Loop optimization
If you need to get some speed:
- make sure you really need acceleration (otherwise you spend too much time on a useless task).
- start with loops
- check if some loops can be prevented
- optimize / delete instructions inside the loop
- each team counts
- counting each link
Here is my optimized code project (not tested):
from collections import defaultdict unique = defaultdict(set) means = {key: 0.0 for key in numerical_keys} sds = {key: 0.0 for key in numerical_keys} with open('input/train.csv', 'r') as read_file: reader = csv.DictReader(read_file, delimiter=',', quotechar='|') for i, row in enumerate(reader): for key in categorical_keys: unique[key].add(row[key]) for key in numerical_keys: try:
Collection of unique values
You are using a dict with a list of unique values:
unique = {key: [] for key in categorical_keys}
and add unique values to it as an element of the list (happens in a loop):
if key in categorical_keys: if row[key] not in unique[key]: unique[key].extend([value])
You can confidently check some test (if this value exists in the list), if you directly add the value to set - the set will be taken care of, only unique values will be collected there.
Using defaultdict , you will make sure that you already have an empty set if you use some key that has not been used yet.

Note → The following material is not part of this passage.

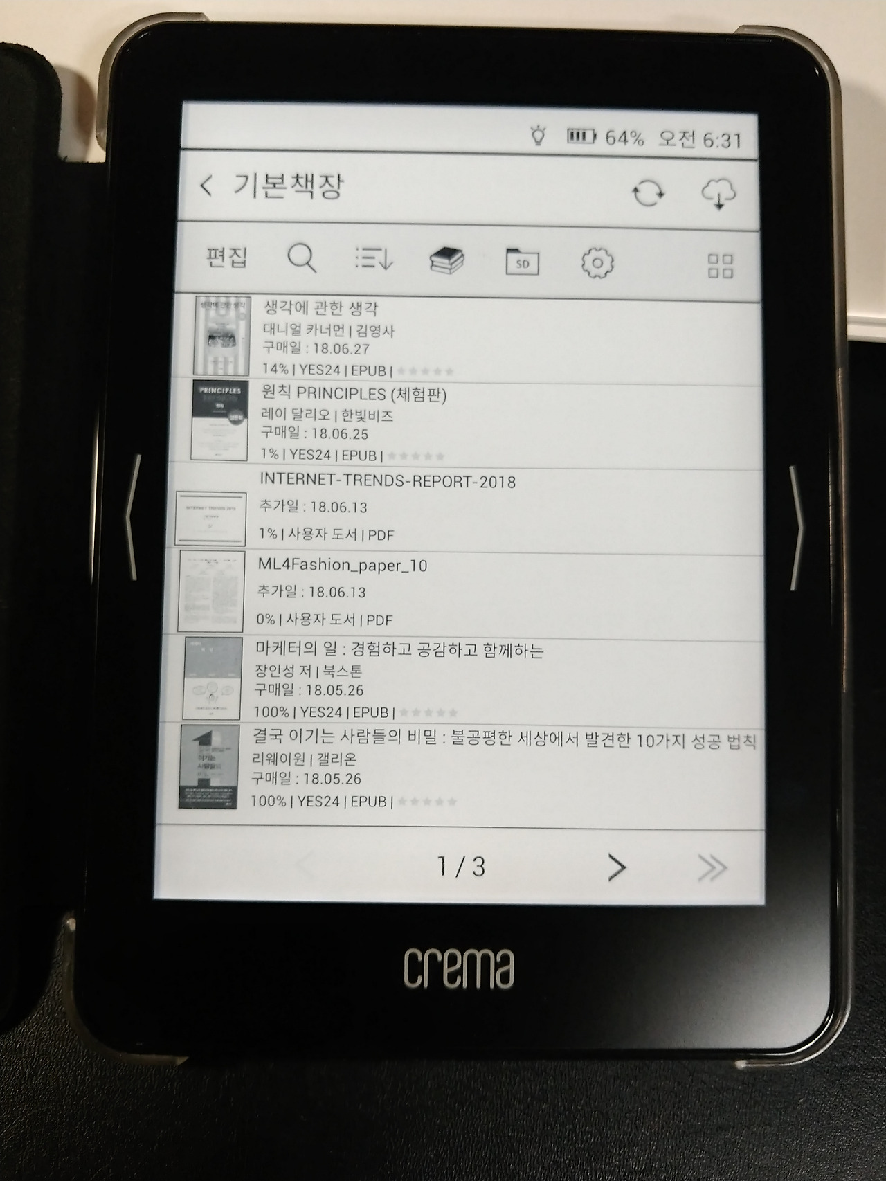 평소 예스 24에서 책을 많이 구매하다 보니 아무래도 리디북스 보다는 크레마가 책을 구매하고 이용하기가 편리해 보였다.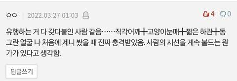 와 댓글중에 이거 공감돼서 캡쳐함 제니는 유행을 다갖다붙인 얼굴임 동그란얼굴 짧은하관 고양이상 직각어깨ㅋㅋㅋㅋ

Do not test record types in each cycle, know them in advance
Your code repeatedly iterates over the record keys and tests them for a type, then does something:
if key in categorical_keys: if row[key] not in unique[key]: unique[key].extend([value]) elif key in numerical_keys: if value: means[key] = (means[key]*i + float(value))/(i+1) if i > 1: sds[key] = (sds[key]*(i-1) + (float(value)-means[key])**2)/i
You can protect these tests if your categorical_keys and numerical_keys set to correctly existing values. Then you can directly iterate over the known key names:
for key in categorical_keys: unique[key].add(row[value]) for key in numerical_keys: try: # shall throw ValueError if None or empty string value=float(row[value]) means[key] = (means[key]*i + value)/(i+1) if i > 1: sds[key] = (sds[key]*(i-1) + (value-means[key])**2)/i except ValueError: pass
Resuse after the calculated value
Your code recalculates the value:
float(value)
Do it once and reuse.
Also, the mean[key] value is calculated and set to means[key] , and two lines later, using the value again. It is better to store the value in a local variable and use it twice. Any search (for example, means[key] ) is worth something.

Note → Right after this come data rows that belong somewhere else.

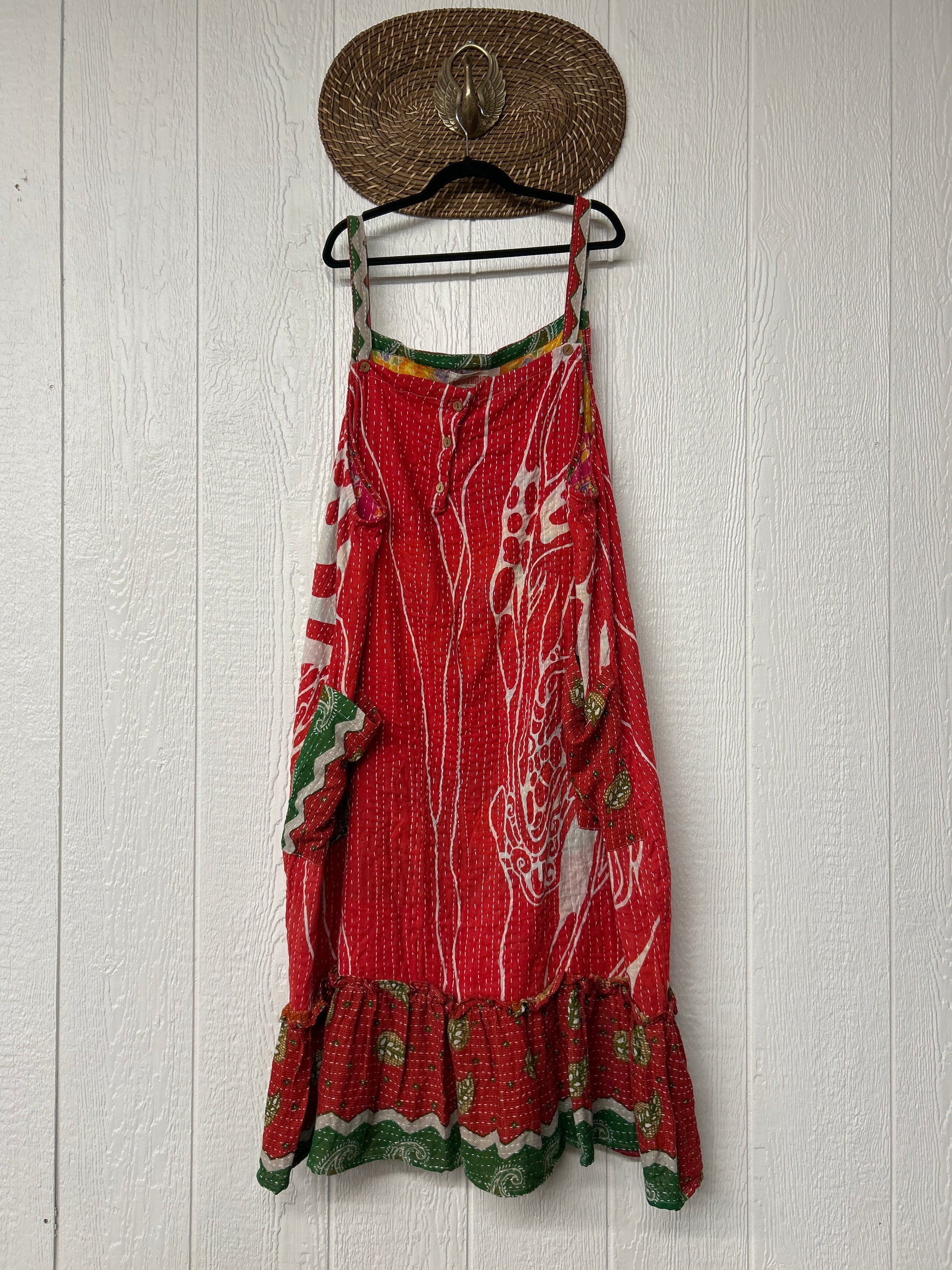 This groovy dream is made from our vintage cotton kantha sari. Crafted and sewn by families in a small village in Northern India providing work and a fair living. Disclosure: Our vintage styles have lived a full life before becoming the designs in our shop. Fabrics may have small threads or holes in the layers. Color inconsistency or small stains may be present.The saris are sewn together and extend the life of each design. Imperfections should be celebrated.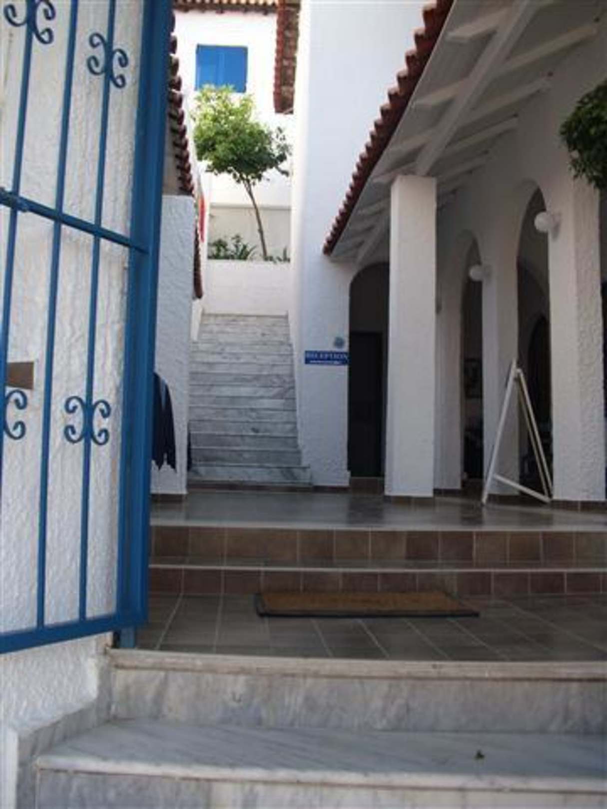 Blick von der Straße ins Hotel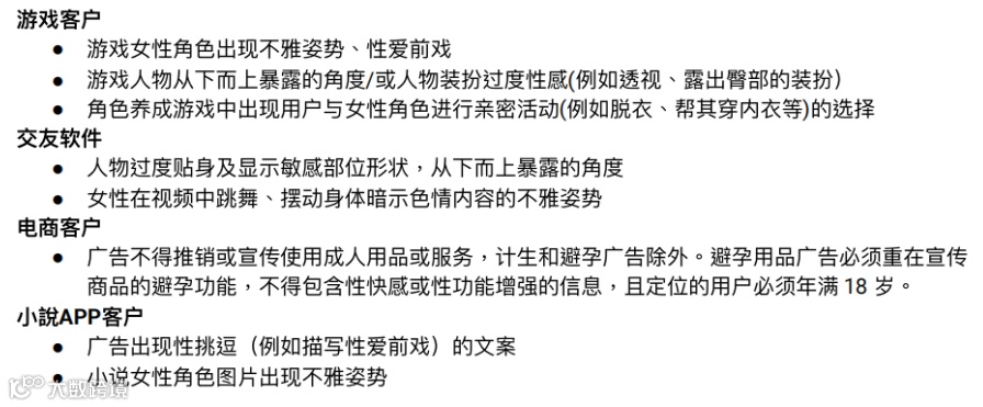 广告不得包含成人内容,包括展示裸体、暗示或赤裸地描述性爱姿势,以及属于过分性暗示或性挑逗的活动。

Failure exception is mostly faster than value test
Your code checks that the value is not empty:
elif key in numerical_keys: if value:
You can replace it with code that works directly with the value. If the value is incorrect, it will fail and a ValueError exception will be caught and ignored. If you have most of the values set, this will speed it up.
try: value=float(value) means[key] = (means[key]*i + value)/(i+1) if i > 1: sds[key] = (sds[key]*(i-1) + (value-means[key])**2)/i except ValueError: pass
Can you prevent the test if i > 1: :?
This condition is true in most cases, but you check it in every loop. If you find a way (I did not) to prevent this test, you will get it faster.
As you suggested, we can resolve it by catching ZeroDivisionError for i <= 1:
try: # shall throw ValueError if None or empty string value=float(value) means[key] = (means[key]*i + value)/(i+1) # for i <= 1 shall raise ZeroDivisionError sds[key] = (sds[key]*(i-1) + (value-means[key])**2)/i except (ValueError, ZeroDivisionError): pass
Data processing in pieces
Regarding processing in pieces:
- it definitely adds some complexity
- he can speed up the program if done carefully
- it may slow down or provide incorrect results.
If chunking can improve speed
Reading files in large fragments
This sounds obvious, but the libraries have already taken care of it. Expect slight or minor improvement.
Getting CSV Records in Chunks
I am not aware of the csv.reader or csv.DictReader , which allows you to get a piece of records directly. You have to do it yourself. It is possible, I recommend using itertools.groupby .
Do not expect acceleration from it yourself (this will slow it down a bit), but this is a prerequisite for other chunk-based accelerations later.
Adding a Value Slice to a Set
The code (currently) adds values to the set one at a time. If you do this with a chunk (the bigger the better), it will be faster since every python call has some small overhead.
Calculation of averages and sds values
You can use the statistics package, which is likely to have optimized code (but it seems to be in pure python anyway).
In any case, since you are going to process the data in chunks, simply statistics.mean will not work for you, or you will have to get the results somehow together (if possible).
If you calculate the value yourself, with careful coding, you can get some acceleration, based mainly on the fact, you get the values directly in one piece and will not have the value dereferenced by the value in each cycle.
Conclusions on the conclusion
For me, optimizing chunking seems too complicated, and it's hard to predict if it brings any value.